Find the kernel of $\phi$ and apply the FIT(First Isomorphism Theorem)

Definition of a kernel of $\phi$: ker $\phi$ :={$x\in G_1$ : $\phi (x)$= $e_2$} note: $\phi^{-1}$($e_2$) is also part of the defintion.
$G_1$ is a group and $e_2$ is an identity in the group
Definition of First Isomorphism Theorem: Let $G_1$ $\to$ $G_2$ be groups and let $\phi$ : $G_1 \to G_2$ be a homomorphism. Then $\frac{G_1}{ker \phi}$ is homomorphic to $\phi$($G_1$)
Definition of homomorphism: Let $G_1$ and $G_2$ be two groups.

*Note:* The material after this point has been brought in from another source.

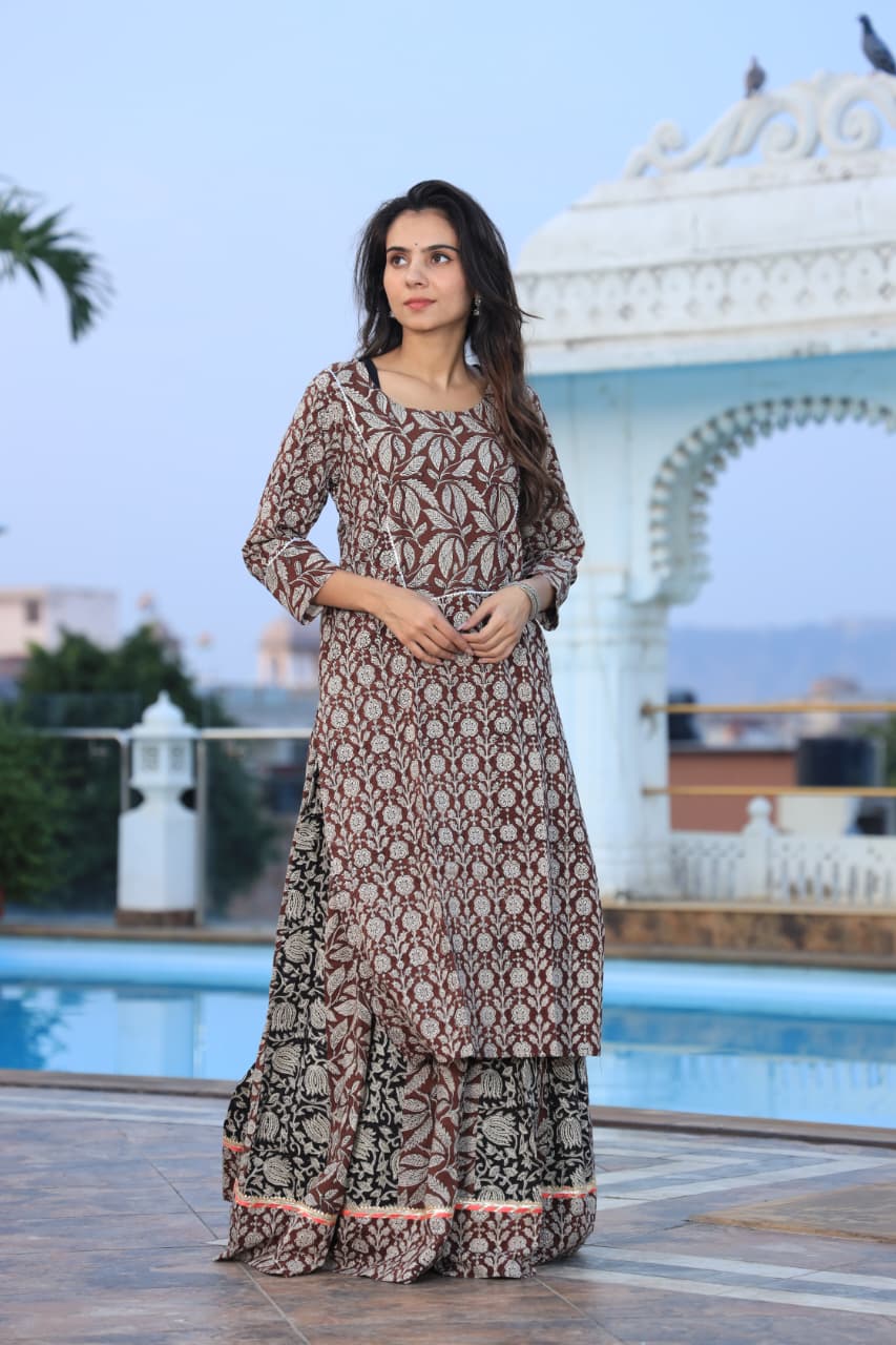 Elevate your style with this exquisite hand block printed kurta and skirt set from Blockart. Made from premium cotton, this set features a beautiful ivory floral pattern on the kurta and a contrasting black skirt with intricate motifs. The kurta boasts a round neckline, three-quarter sleeves, and side slits for a graceful look. Perfect for casual or semi-formal occasions, this ensemble combines comfort with traditional craftsmanship.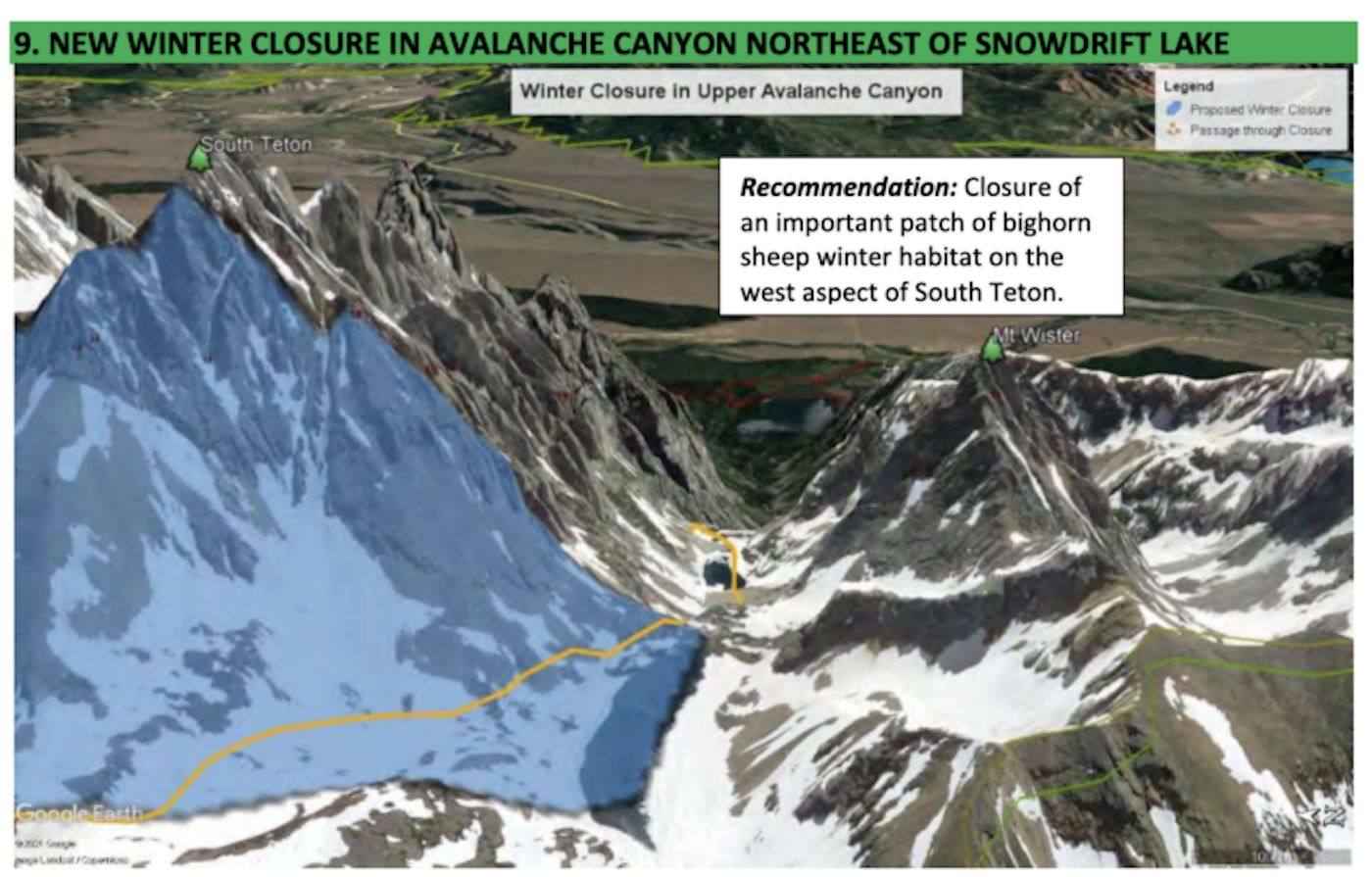 According to the Working Group’s document, the public identified 28,628 acres considered valuable for skiing. As a compromise, the proposed closures would only impede on nine percent of that skiable terrain—if all of the proposed actions were actually implemented. Areas like Granite Canyon, Garnet Canyon, Mt. Moran, Baldy Knoll, Taylor Mountain, Albright Peak, Wimpy’s Knob, 25 Short and the East Faces above Jackson Lake would all remain open during the winter months to prove the collaborative nature of the program.

Then $\phi$ : $G_1 \to G_2$ is called a homomorphism iff $\forall$ $a,b \in G_1$. $\phi$($ab$)= $\phi$($a$) $\phi$($b$)
note: $\mathbb T$ is a subgroup of the multiplicative group of non-zero complex numbers.
I need help on the First Isomorphism Theorem and probably the ker $\phi$

Here is my attempt on the ker $\phi$ part and defining the function:
$\phi$ is a homomorphism because $\phi$($x+y$)=$\phi$($x$)$\phi$($y$) by the addition formulas for $sin$ and $cos$.
The ker $\phi$ consists of all $x\in$ $\mathbb R$
so $e^{i\theta \pi}$=$cos\pi \theta$ + $isin\pi \theta$=$1$
then $cos\pi \theta$=$1$ and $sin\pi \theta$=$0$
but $cos\pi \theta$=$1$ and it forces $x$ to be an integer since $1\in$ ker $\phi$
We have ker $\phi$=$\mathbb Z$
By the FIT
since ker $\phi$=$\mathbb Z$
Then $\frac{\mathbb R}{\mathbb Z}$ is a subgroup of $\mathbb T$

Did I do this right?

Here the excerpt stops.